Overlooking the basins on the floodplain
We finally got to the floodplain, where the athletic fields had been replaced by the interconnected wetland basins.  Our host explained that cattails (Typha spp.), a native but aggressive species, quickly colonized the basins after construction and had completely taken over the shallow wetlands, providing a bit of wetland habitat, but not diverse, high quality habitat.  Our host explained how the students' parents did not want the school to use herbicides to control the cattails, and that she had instead organized volunteer work parties to uproot the cattails.  For a few years, the work parties could keep ahead of the advancing plants, but then the novelty of the project wore off and the volunteers disappeared, hence the rank growth.  In addition, the dreaded and highly invasive Phragmites australis reed had begun to appear in the ponds, too.
Re-excavated wetland basin
Our last stop was a wetland basin that the school uses as for water quality studies.  This basin, like the others, had become overwhelmed by cattails, but the school needed to maintain open water so that the students could conduct water quality monitoring.  Over the winter, the school hired a contractor to excavate the basin and remove the accumulated organic matter and the cattails and reeds.  How long until the cattails reappear (and the contractor returns)?

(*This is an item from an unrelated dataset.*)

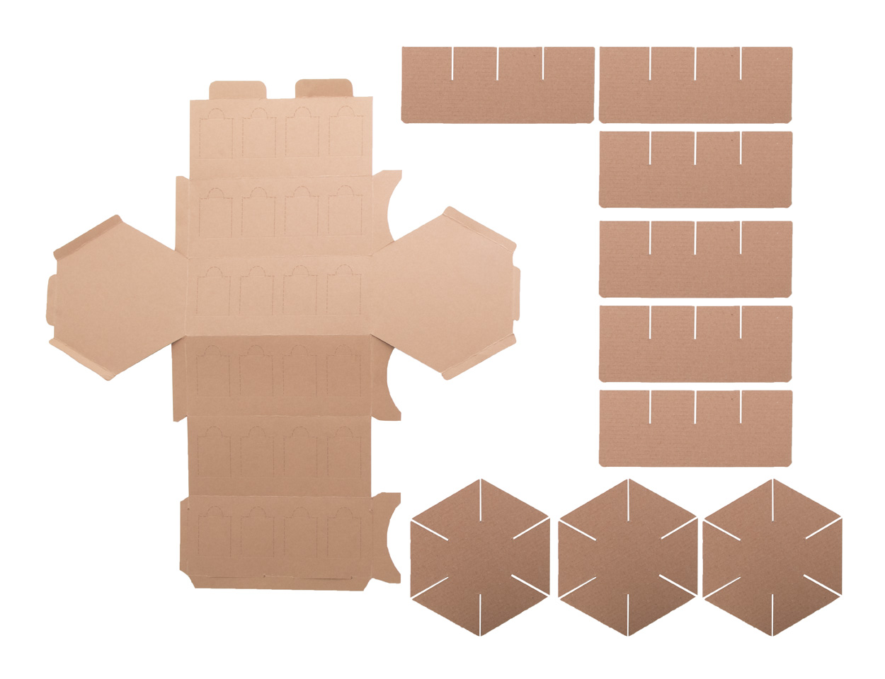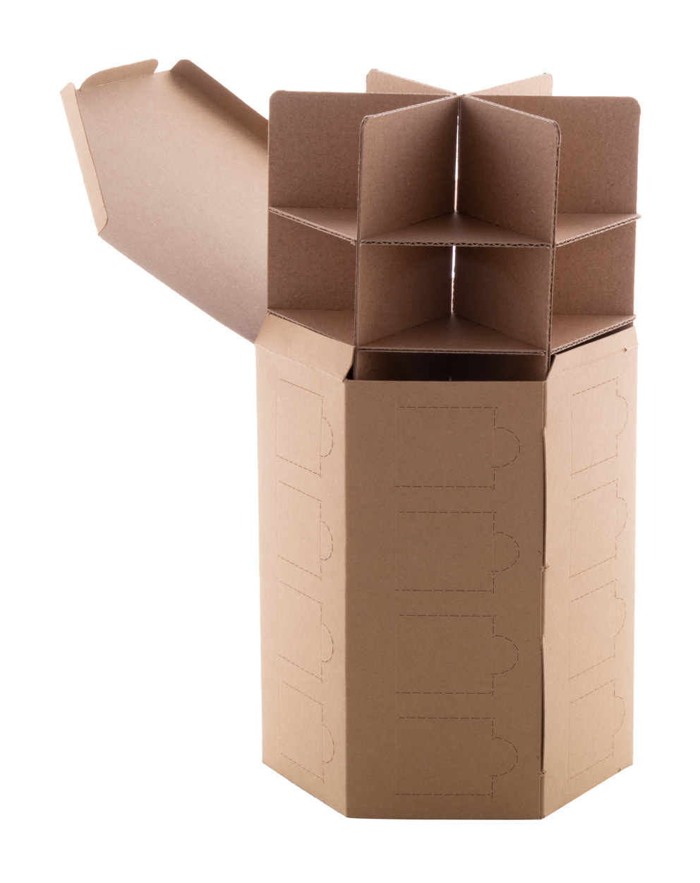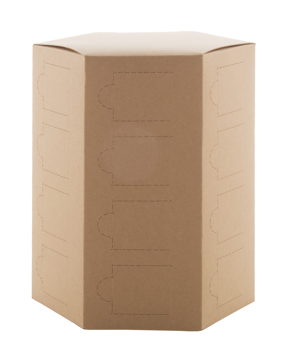 Na zakázku vyrobený plnobarevně tištěný šestihranný adventní kalendář z kraftového papíru s 24 přihrádkami. Dodáváno rozložené, bez sladkostí. Min. mn. 50 ks.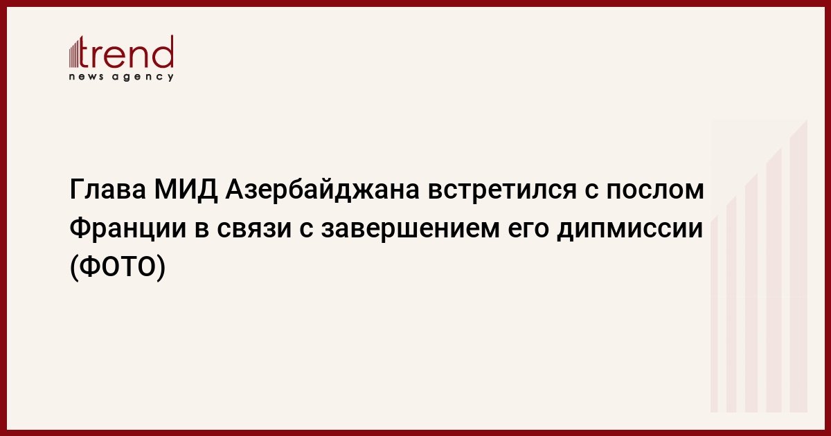 БАКУ /Trend/ - 5 сентября министр иностранных дел Азербайджана Джейхун Байрамов принял чрезвычайного и полномочного посла Франции в Азербайджане Закари Гросса по случаю завершения его дипломатической деятельности в стране.

Because we had a little time before the class was over, we walked up a small drainage to a spring seep on a hillside.  Here, in the wet area below the spring, skunk cabbage had begun to emerge from its winter dormancy.
Skunk cabbage (Symplocarpus foetidus) in a spring seep
Eastern garter snake (Thamnopnis sirtalis sirtalis) on the floodplain among the invasive non-native lesser celandine (Ranunculus divaricata)
I have to ask the students this Friday if they felt that the field trip was worthwhile.


packrat said...

The university project almost sounds like one bad design flaw after another, Scott. I don't mean to generalize, but I've seen a couple of other universities do boneheaded projects, and it always amazes me how these projects sometimes go awry. Often it's a case of "administrators" pushing ideas for ill-conceived plans.

When I was an undergraduate at Youngstown State the university built a new mall (commons area), and before workers even planted grass they put in sidewalks to direct the flow of student traffic. Of course when the lawn came in it became evident that students had chosen other paths to follow. The university then tore up all the sidewalks and rebuilt them over the now well-worn student trails.

Scott said...

Isn't it the truth, Packrat, about academic administrations? The school where I took my students is actually kindergarten through high school, not college level, but it doesn't make any difference. One of their brand new softball fields--beautiful on the surface--apparently becomes a quagmire in the rain because it is pancake-flat without a hint of pitch or mounding. I can't imagine what the school spent for all these improvements, but they didn't get their money's worth. I didn't even show you pictures of the river birches (a floodplain tree) planted in heavy, dense clay soil about 15 feet higher than the floodplain--and they wonder why they're dying...

Oh, and by the way, those student-created pathways on Youngstown State's campus (and everywhere else, or course) are known in the trade as "desire lines."

Mark P said...

Maybe it was worthwhile to demonstrate that restoration projects have to be done the right way.

Scott said...

Mark: At the beginning of class today, I asked the students if they thought that the field trip was worth it, and they generally thought that it was--for exactly the reason you mentioned: to become familiar with potential problems.